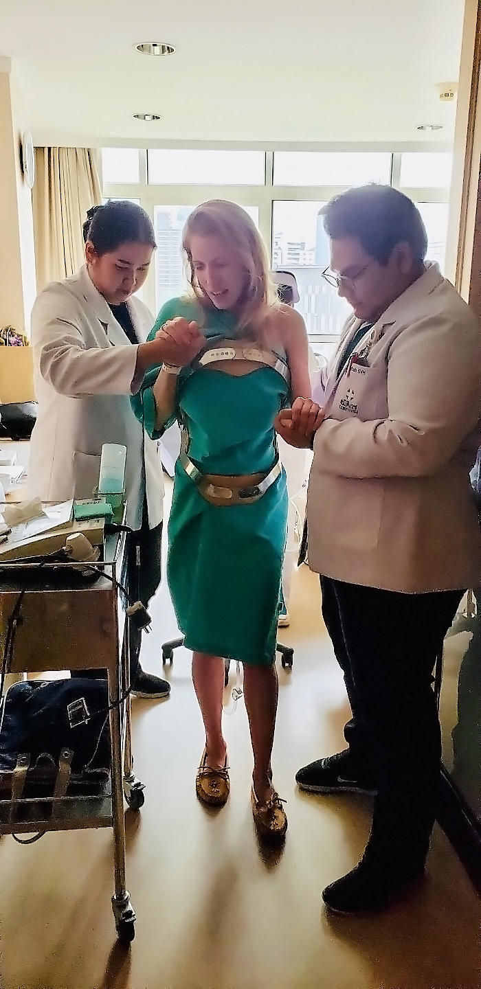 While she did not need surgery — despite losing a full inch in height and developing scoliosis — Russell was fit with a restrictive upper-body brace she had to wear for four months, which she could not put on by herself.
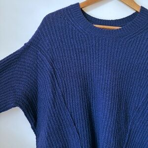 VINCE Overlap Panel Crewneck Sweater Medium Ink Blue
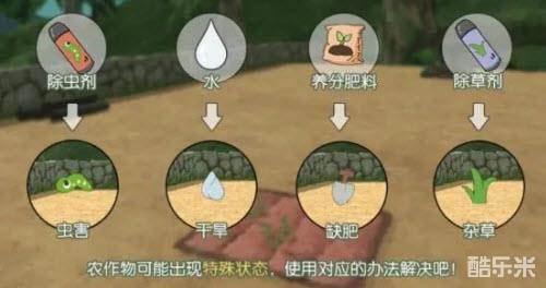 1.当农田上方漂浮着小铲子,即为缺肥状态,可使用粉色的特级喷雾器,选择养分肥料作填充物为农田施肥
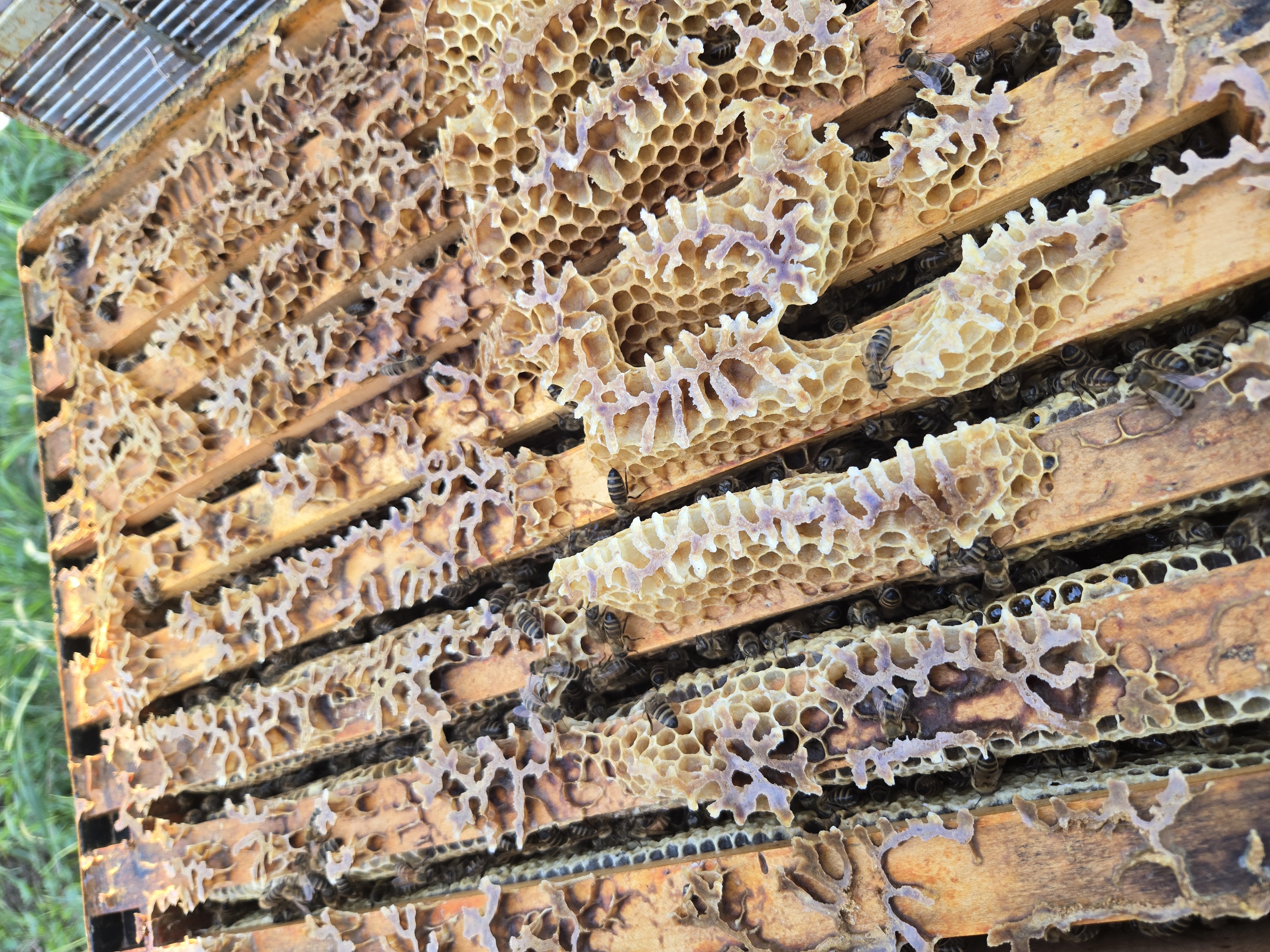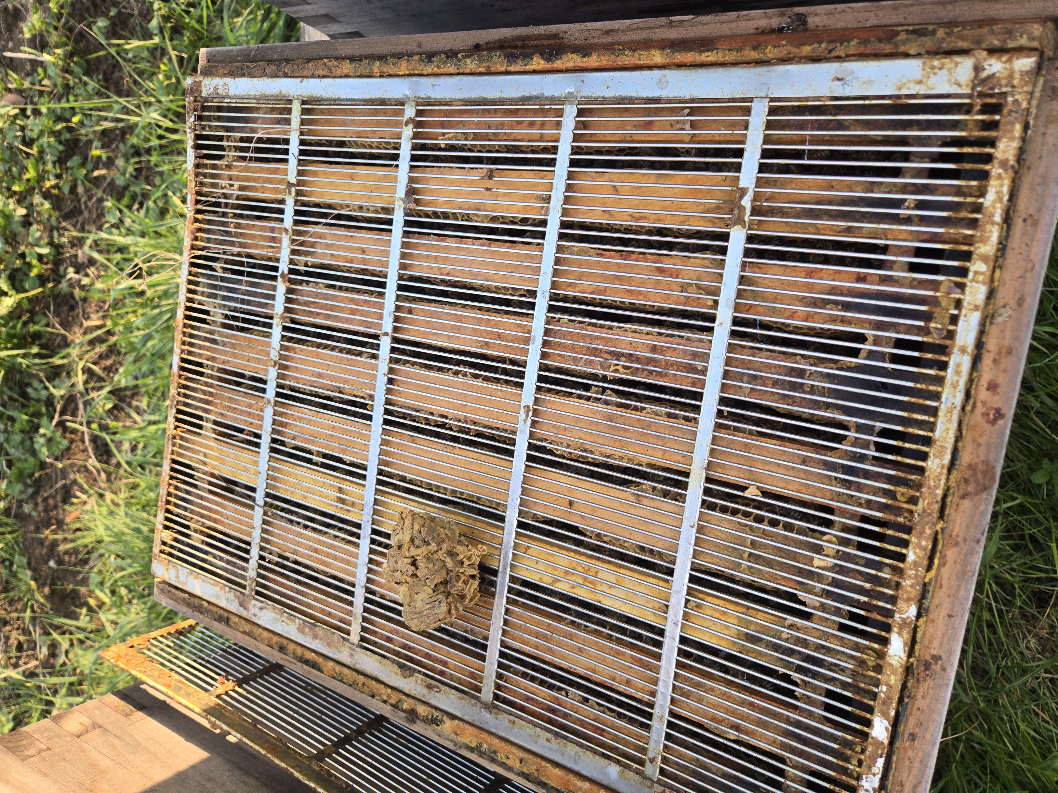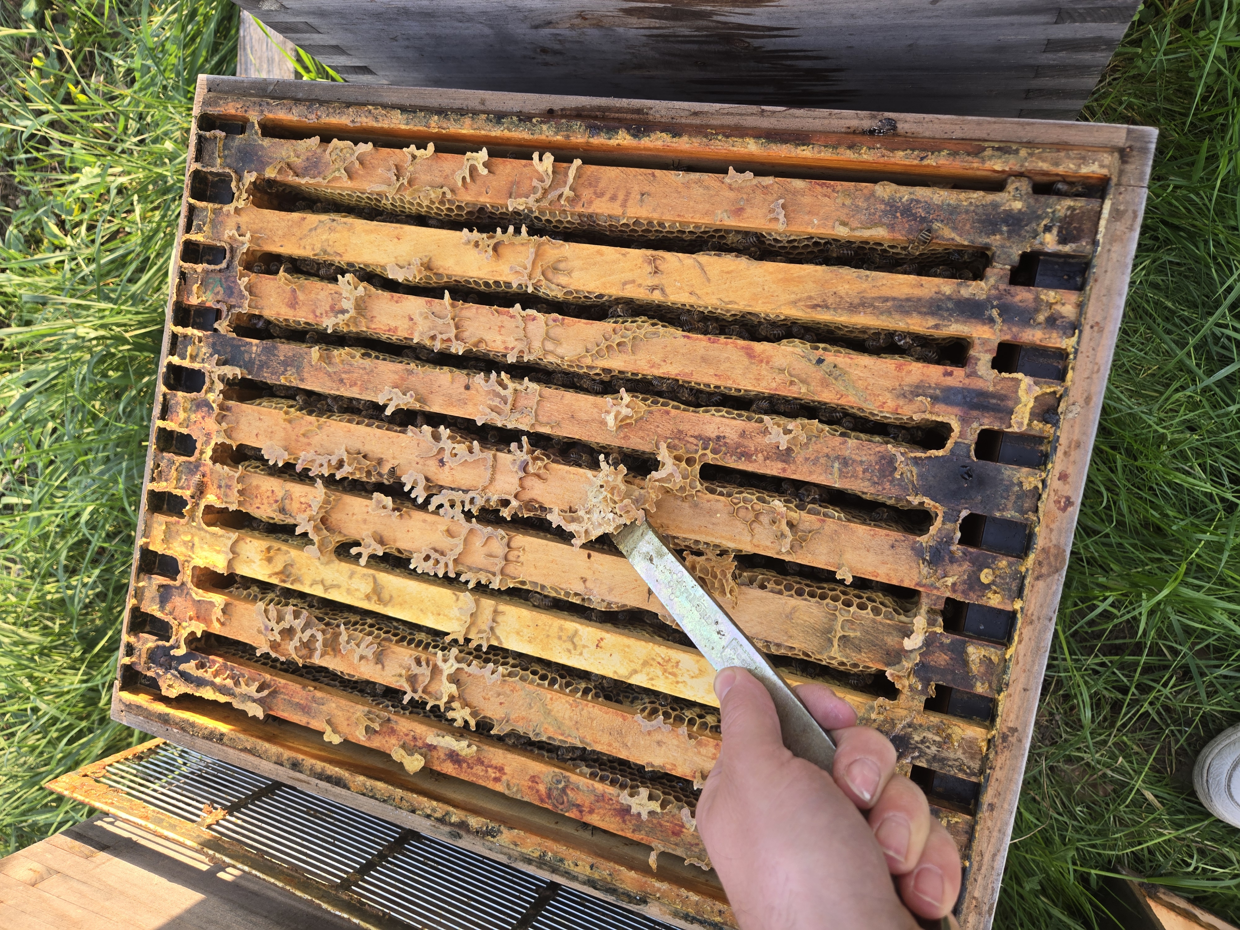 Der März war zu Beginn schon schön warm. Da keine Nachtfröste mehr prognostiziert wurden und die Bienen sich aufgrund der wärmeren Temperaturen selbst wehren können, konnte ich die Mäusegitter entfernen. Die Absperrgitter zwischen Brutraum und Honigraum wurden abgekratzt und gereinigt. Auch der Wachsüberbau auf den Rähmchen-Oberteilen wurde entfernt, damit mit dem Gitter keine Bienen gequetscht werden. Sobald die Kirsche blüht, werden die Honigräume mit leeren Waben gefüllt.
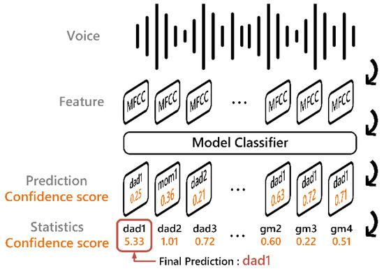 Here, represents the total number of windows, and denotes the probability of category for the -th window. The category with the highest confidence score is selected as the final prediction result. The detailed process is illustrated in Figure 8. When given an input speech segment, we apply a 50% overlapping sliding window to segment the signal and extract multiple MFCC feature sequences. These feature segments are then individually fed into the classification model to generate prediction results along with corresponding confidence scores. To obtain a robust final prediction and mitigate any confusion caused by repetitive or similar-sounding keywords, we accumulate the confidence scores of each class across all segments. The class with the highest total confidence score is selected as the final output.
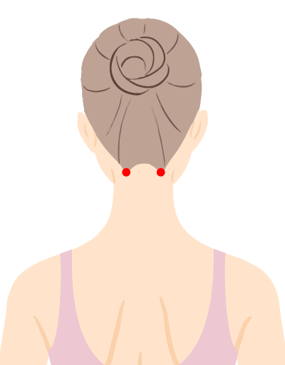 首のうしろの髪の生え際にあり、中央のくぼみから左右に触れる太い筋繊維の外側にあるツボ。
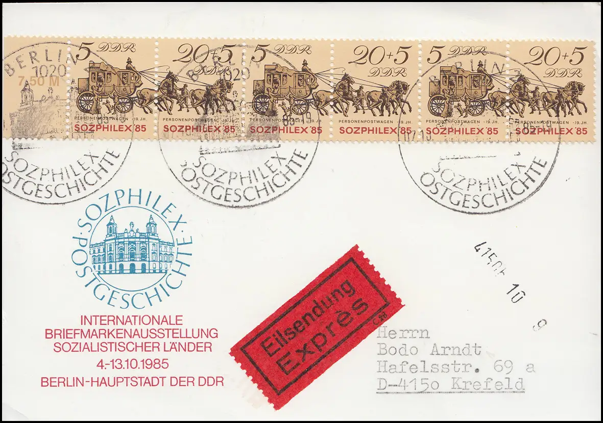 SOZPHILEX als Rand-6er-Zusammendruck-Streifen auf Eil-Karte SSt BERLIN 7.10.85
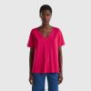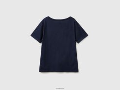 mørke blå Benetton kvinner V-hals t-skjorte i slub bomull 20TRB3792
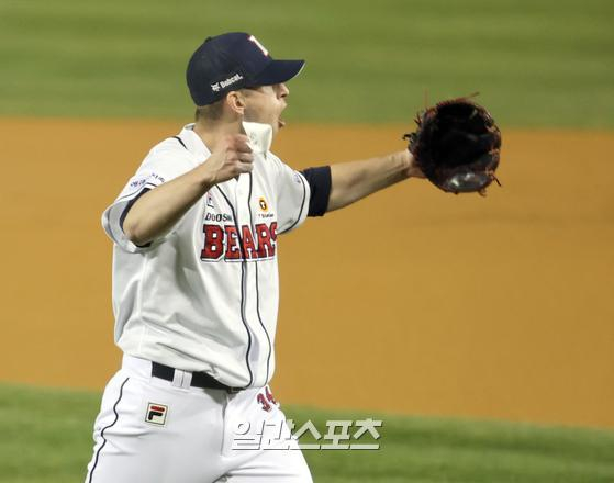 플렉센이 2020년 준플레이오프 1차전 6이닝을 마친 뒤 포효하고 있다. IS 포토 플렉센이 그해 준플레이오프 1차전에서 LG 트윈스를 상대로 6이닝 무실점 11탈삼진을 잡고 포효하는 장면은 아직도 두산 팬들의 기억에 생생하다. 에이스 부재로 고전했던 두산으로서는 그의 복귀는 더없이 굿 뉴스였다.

=====

## Work to complete
Each line above that falls between the line with "Here, represents the" and the line with "SOZPHILEX als Rand-6er-Zusammendruck-Streifen" should be printed exactly, together with those two lines, but the pictures should not.

## Response to the task
 Here, represents the total number of windows, and denotes the probability of category for the -th window. The category with the highest confidence score is selected as the final prediction result. The detailed process is illustrated in Figure 8. When given an input speech segment, we apply a 50% overlapping sliding window to segment the signal and extract multiple MFCC feature sequences. These feature segments are then individually fed into the classification model to generate prediction results along with corresponding confidence scores. To obtain a robust final prediction and mitigate any confusion caused by repetitive or similar-sounding keywords, we accumulate the confidence scores of each class across all segments. The class with the highest total confidence score is selected as the final output.
 首のうしろの髪の生え際にあり、中央のくぼみから左右に触れる太い筋繊維の外側にあるツボ。
 SOZPHILEX als Rand-6er-Zusammendruck-Streifen auf Eil-Karte SSt BERLIN 7.10.85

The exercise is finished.